Thirteen is the unlucky number

Via the Globe and Mail, a Reuters story by Maggie Fox on the St. Jude's study: Bird flu not yet ready for prime time. Excerpt:

Researchers have found some of the changes that a flu virus needs to become a deadly epidemic strain, and noted the H5N1 avian influenza virus has so far made only a few of them.

They said Tuesday their study can help scientists watch for the mutations most likely to make H5N1 a global threat.

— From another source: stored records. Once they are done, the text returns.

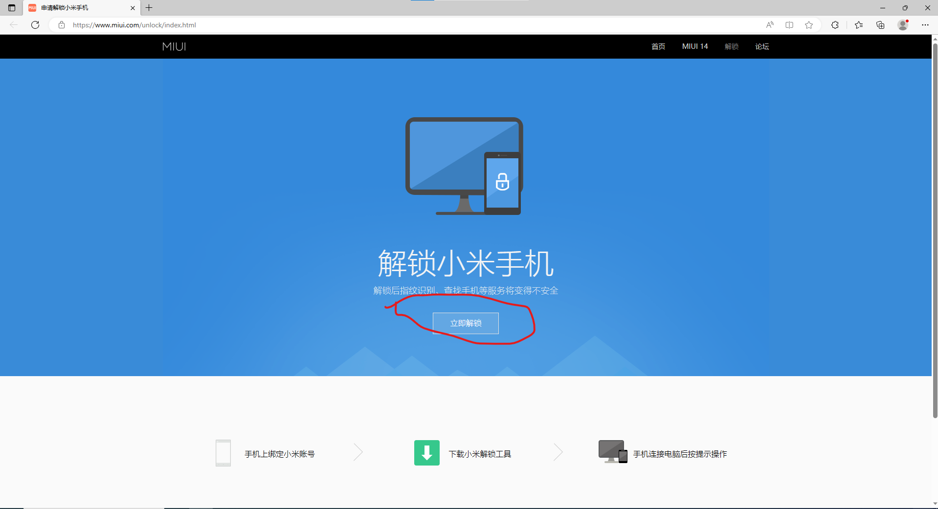 7.在电脑上下载mi unlock
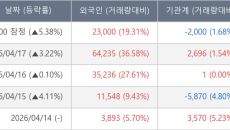[서울=뉴스핌] 로보뉴스 = 20일 10시 15분 현재 동국생명과학(303810)은 전일 대비 1.31% (현재가 3,490원- 2026-04-20 10:21
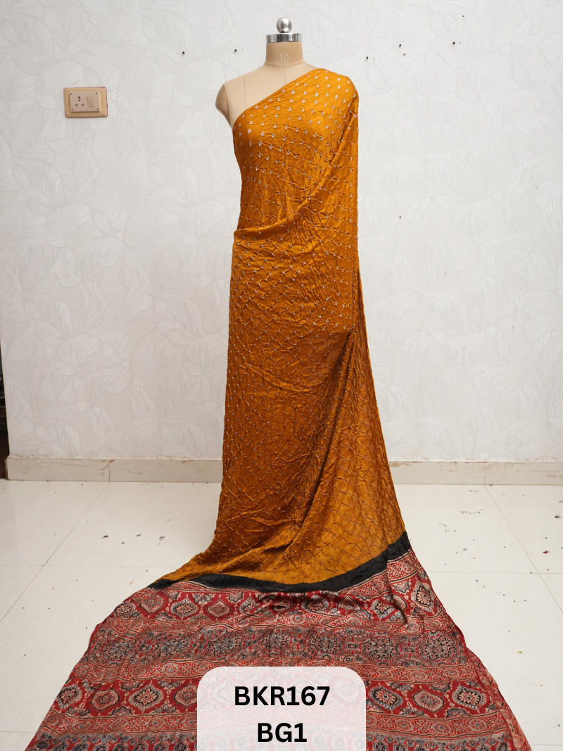 🎨 Dual Heritage Craft: Handcrafted Bandhani (tie-dye) meets intricate Ajrakh block printing in a seamless, borderless drape.
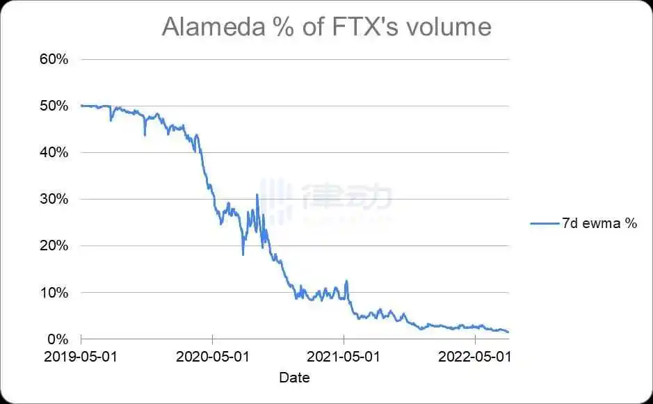 虽然 FTX 的流动性从 2019 年开始主要依赖 Alameda,但到 2022 年,FTX 流动性就已经多样化了,Alameda 在 FTX 的交易量中下降到 2% 左右。

David Finkelstein of St. Jude Children's Research Hospital in Memphis, Tennessee, and colleagues looked at H5N1 virus samples from people who had been infected.

They found none were anywhere near as mutated as flu viruses that caused the three most recent pandemics, notably the 1918 "Spanish flu" that killed millions worldwide.

Writing in the Journal of Virology, Dr. Finkelstein's team said they identified 32 clear-cut changes in influenza viruses that differentiated a human flu from a bird flu.

Even when H5N1 viruses infected people, each one had made one or two of these changes at the most, Dr. Finkelstein said.

"We think they need to get to 13 to be truly dangerous," Dr. Finkelstein said in a telephone interview. "We never saw anything that approached the 13 that we saw in the Spanish flu."